Computing Community Consortium Blog

The goal of the Computing Community Consortium (CCC) is to catalyze the computing research community to debate longer range, more audacious research challenges; to build consensus around research visions; to evolve the most promising visions toward clearly defined initiatives; and to work with the funding organizations to move challenges and visions toward funding initiatives. The purpose of this blog is to provide a more immediate, online mechanism for dissemination of visioning concepts and community discussion/debate about them.


Multicore: It’s the Software

October 7th, 2008 / in research horizons / by Peter Lee

In previous posts on this blog, Berkeley’s David Patterson and Intel’s Andrew Chien presented their views on why research advances are needed to overcome the problems posed by multicore processors. In this piece — the third in a series -– Microsoft’s Dan Reed gives us his views on some of the potential benefits of progress in this research area.

For over thirty years, we have watched the great cycle of innovation defined by the commodity hardware/software ecosystem — faster processors enable software with new features and capabilities that in turn require faster processors, which beget new software. The great wheel has turned, but it no more, as power constraints and device physics now limit the performance achievable with single microprocessors. Multicore chips — those with multiple, lower power processors per chip — are now the norm. Moreover, current multicore chips (those with 4-8 cores/chip) are but the beginning. We can expect hundreds of cores per chip in the future, with diverse functionality (graphics, packet protocol processing, DSP, cryptography and other features).

The software research challenge is clear — developing effective programming abstractions and tools that hide the diversity of multicore chips and features while exploiting their performance for important applications. Hence, we need a vibrant community of researchers exploring diverse approaches to parallel programming — languages, libraries, compilers, tools — and their applicability to multiple application domains.
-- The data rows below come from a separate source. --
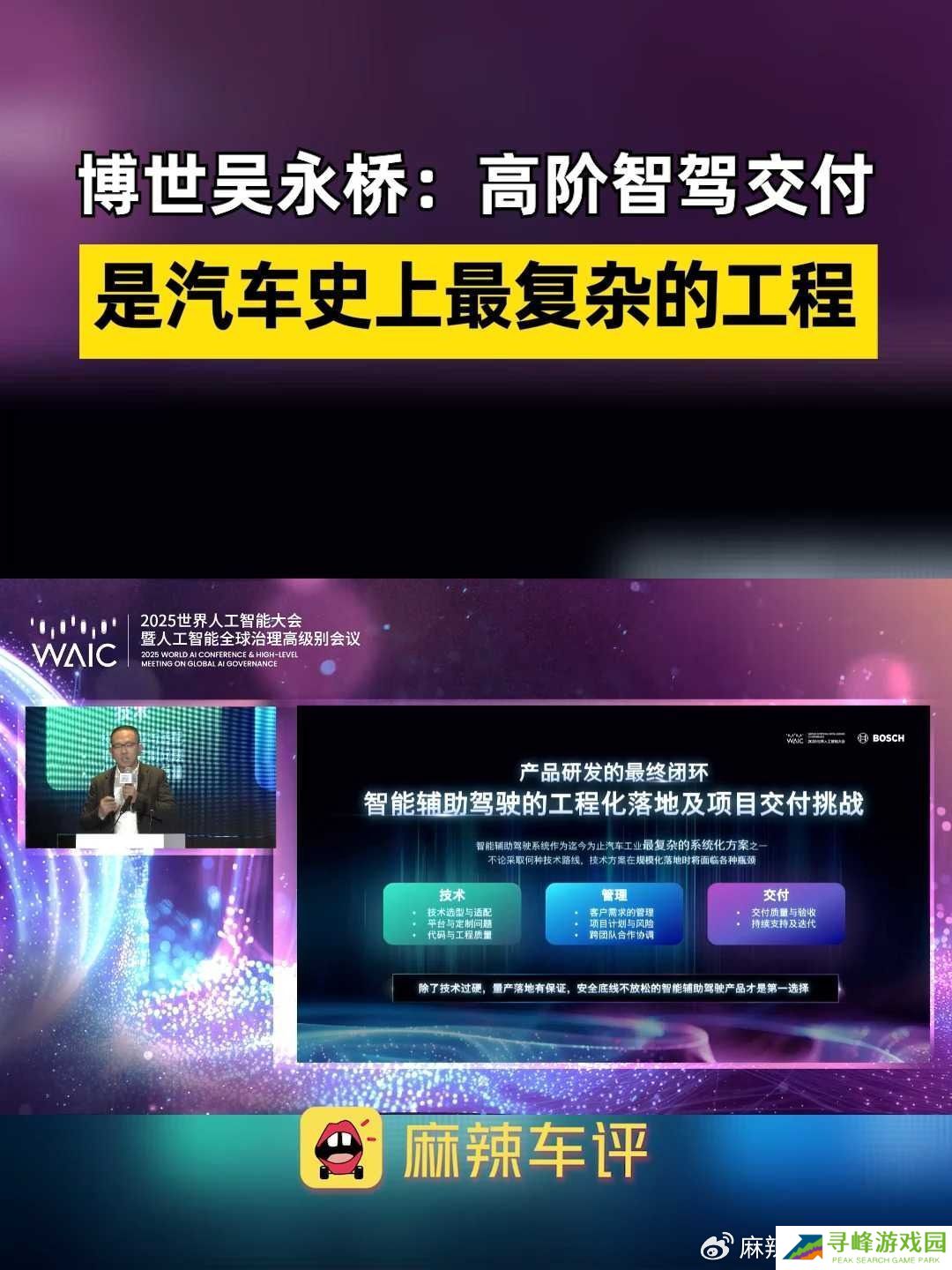 吴永桥还称,高阶智驾技术的工程化落地和交付,是汽车历史上最为复杂的系统化工程,没有之一。很多企业、主机厂和供应商,都倒在工程交付和大规模量产上,许多项目无法落地和交付。因为这么复杂的工程交付,需要脱几层皮,比讲 PPT 难上万倍。所以工程化交付和落地,是决定智驾能否走向未来最核心的要素,并非技术本身。
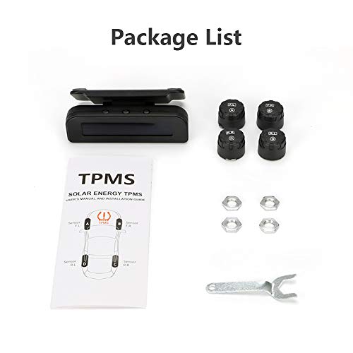 TPMS Sistema di monitoraggio della Pressione degli Pneumatici a energia Solare 22-87 psi, Montaggio sul Parabrezza con 4 sensori Esterni, Sistema di Allarme Automatico in Tempo Reale
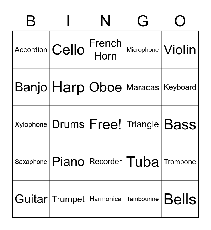 This bingo card has a free space and 24 words: Piano, Trumpet, Oboe, Guitar, Violin, Accordion, Banjo, Cello, Triangle, Recorder, Maracas, Xylophone, Tuba, Trombone, Harp, Tambourine, Bass, French Horn, Keyboard, Drums, Bells, Saxaphone, Microphone and Harmonica.
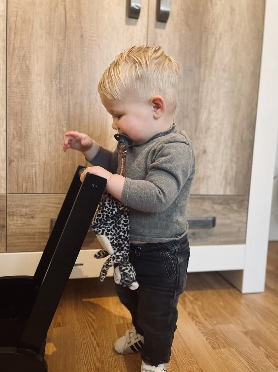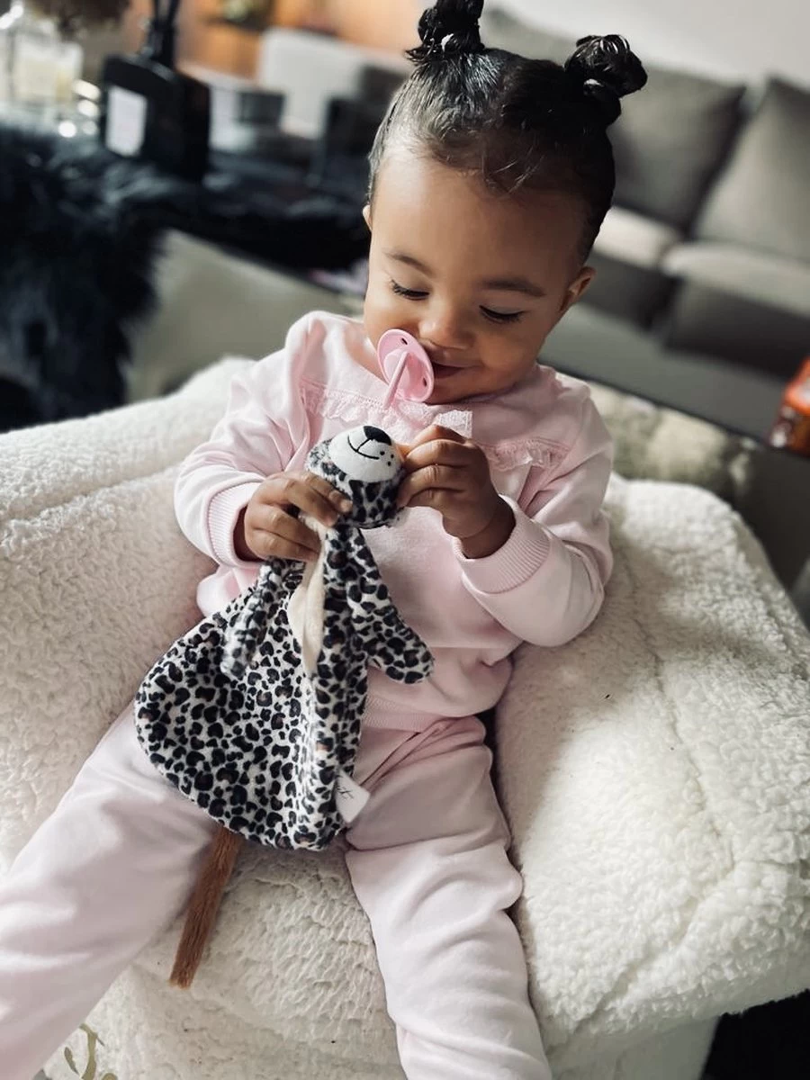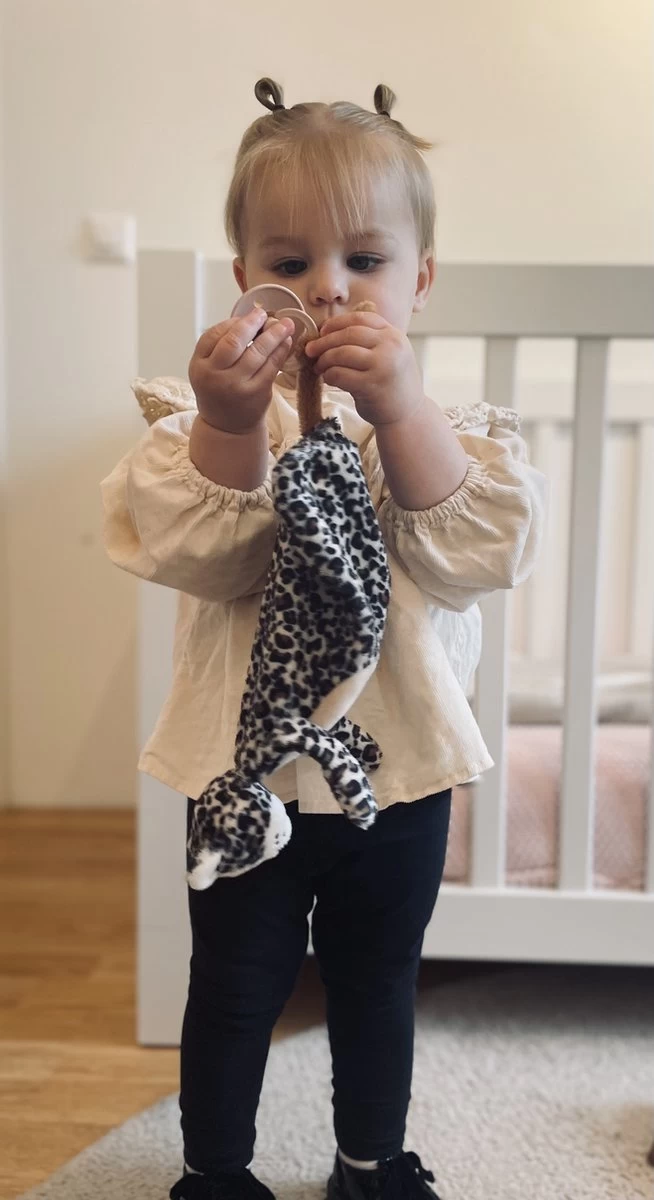 Leopard Lou heeft een extra lange staart zodat er een speen aan bevestigd kan worden en deze dus ook te gebruiken is als speendoekje of om er gewoon lekker mee te friemelen.
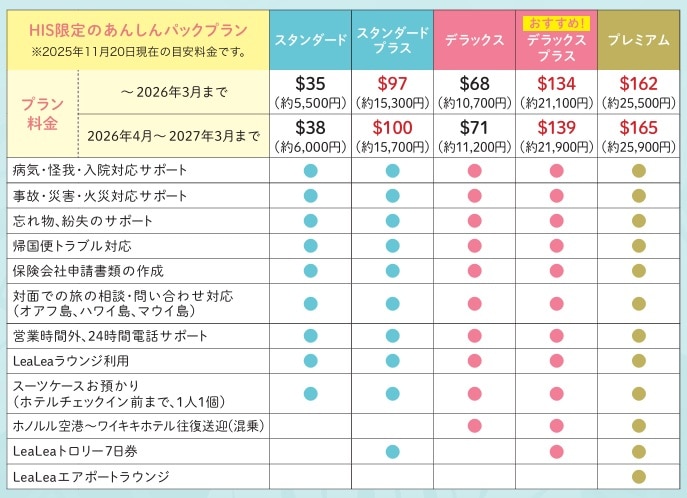 ・スタンダードプラン、デラックスプランはホノルル滞在(周遊を含む)の場合に適用になります。
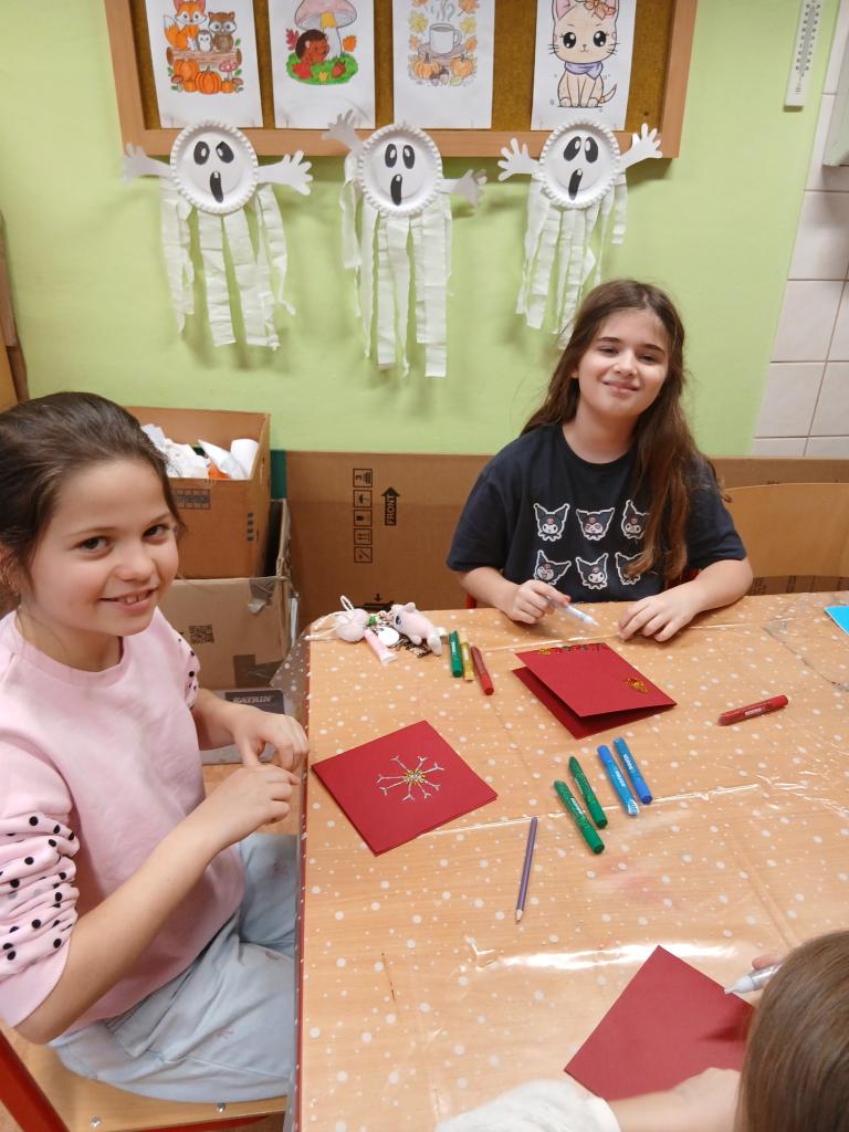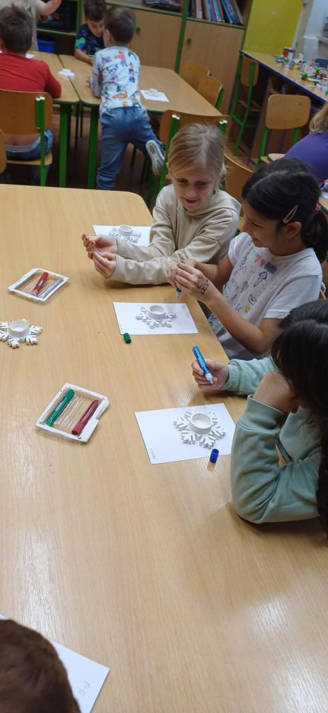 Pohodový, klidný adventní čas začal první vánoční dílničkou. Děti zdobily sádrové svícny, vyráběly krásná přáníčka, luštily kvízy a křížovky. Odpoledne se neslo v duchu vzájemné spolupráce a očekávání Vánoc. Těšíme se na další tvoření, které nás čeká v dalších týdnech.

Microsoft researchers are investigating all of these approaches, from coordination languages for robots and distributed systems to mobile phones to desktops and data center clouds. To engage the academic community, Microsoft funds multicore research projects and many sites, and we have partnered with Intel to fund the Universal Parallel Computing Research Centers (UPCRCs) at the University of California at Berkeley and the University of Illinois at Urbana-Champaign.

As Richard Hamming famously noted, “The purpose of computing is insight, not numbers.” In that spirit, I believe our research challenge is to break free from the limitations of the desktop metaphor and exploit the ever greater performance of multicore chips to create new human-computer interaction metaphors that are more natural and intuitive. This will require new approaches to parallel computing education and increased collaboration with researchers in application domains.

As an example, consider one possible future — “spatial computing” — where real-time vision and speech processing, coupled with knowledge bases, distributed sensors and responsive objects, enhance human activities in contextually relevant ways while remaining otherwise unobtrusive. Such an infosphere would adapt to its user’s needs and behavior and move seamlessly across home, work and play.

Multicore brings enormously interesting intellectual challenges and the opportunity to rethink much of how we approach computing.  Let’s embrace the opportunity!

Daniel Reed is Microsoft’s Scalable and Multicore Computing Strategist and a member of the President’s Council of Advisors on Science and Technology (PCAST). Contact him at reed@microsoft.com or his blog at www.hpcdan.org

Multicore: It’s the Software

11 comments

  1. hwright says:

    Ken Strandberg wrote an interesting three part series about how to approach development of future Terascale-on-a-Chip over at the Intel Multi-core blog. He predicts “a near future where applications can run on hundreds of cores, processing terabytes of data per second using a single processor.”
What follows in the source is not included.